Вагон принял Машу безразлично. Проводник отобрал билет, мужичок в майке, оторвавшись от карт, помог забросить сумки наверх, огромная баба предложила яичко («спасибо, у меня есть, я сама хоть полвагона накормлю»). У Маши не было книги, да она и не смогла бы читать – она смотрела в окно: поезд несся поперек садящемуся солнцу; поля, реки, озера, леса, деревни проносились мимо, и каждая новая река была багровее предыдущей.

Мимо Маши пролетали деревеньки и городки, как один похожие на тот, в котором прошла ее жизнь. В полудреме – Маша устала, но не признавалась себе в этом – ей чудилось, что она еще не уехала из своего города, да и не могла, вот же она: водонапорная башня из красного кирпича с обломанной треугольной крышей, вот станционный магазин, в котором ночью очередь за маленькими и поллитровыми, вот дорога в центр и вдалеке – флаг черт знает каких цветов над главным зданием городской площади, и Маше не нужно было видеть, чтобы знать: четыре колонны и облупившийся герб под козырьком, и памятник лысому Ленину у входа.
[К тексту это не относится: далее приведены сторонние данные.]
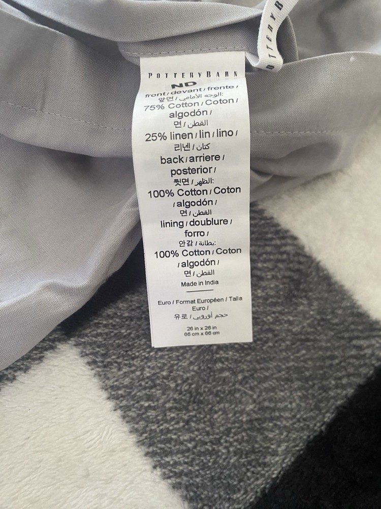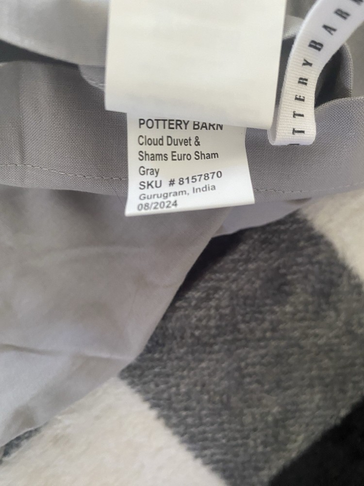 Pottery Barn Cloud Sham, Gray. Euro size with envelope closure, machine washable. This is an open box purchase so there are no original tags or packaging. Stored in a smoke free environment. Thanks fo...

Город не отпускал ее, он кривился, цеплялся за колеса поезда. Покосившимися столбами, мертвыми фонарями, мятыми дорожными знаками, призраками заброшенных фабрик и мемориалами в честь героев войны – он продолжал быть, хватался клыками столбиков, отмеряющих километраж, за Машину грудь. Ужас парализовал Машу – она вдруг поняла, что ей некуда деться, – и, закрывая глаза, в мерном перестуке колес она слышала неумолимость приговора: куда бы она ни ехала, город будет с ней, он проник в нее, как радиация, как соль проникает в мамины огурцы, с этим ничего нельзя сделать, только, как опухоль вырезают вместе с грудью, отбросить самую свою жизнь.

С усилием, будто выныривая из-под тяжелой мутной волны, Маша открыла глаза. Напротив сидел и внимательно смотрел на нее сквозь полутьму вагона мальчик, каких Маша никогда раньше не видела, – мальчик с лицом наследного принца, красивый, как солнце, просвечивающее сквозь новорожденный лист.
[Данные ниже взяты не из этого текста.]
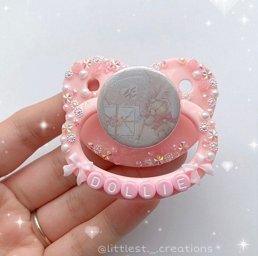 Deco adult pacifier available for remakes! this product will be made after ordering and could take 1 day to 2 weeks to complete at the very maximum! please dm me at @littlest._.creations for any questions!

Он лежал там, вдалеке, на полке, читал, теперь читать стало темно, он спустился и увидел Машу, что она не спит, и подумал… – он смущался, – подумал, что, может, они поболтают, раз уж не спят, одни на весь вагон.

Маша не могла толком рассказать, куда она едет. Она слышала, что в Петербурге есть школа – она знает ее номер, – что там учатся не только питерские, там есть общежитие, и что сейчас, в конце мая, там вступительные экзамены, она едет сдавать их, а потом учиться в школе. Глаза мальчика загорались все веселее, пока Маша рассказывала, а когда она сказала, что даже адреса не знает – но номер-то есть, можно в любом телефонном справочнике узнать, – мальчик от восторга даже прихлопнул ладонью по столу.

Он уже закончил школу – ну, почти, – только выпускные остались, а ездил… ну, пришлось поехать, дядя умер, похороны. Расстроился? Нет, он не сильно знал этого дядю, но поехать было некому, и, кстати, если Маша курит, то, может, они пойдут в тамбур, там, наверное, нет никого, можно поболтать.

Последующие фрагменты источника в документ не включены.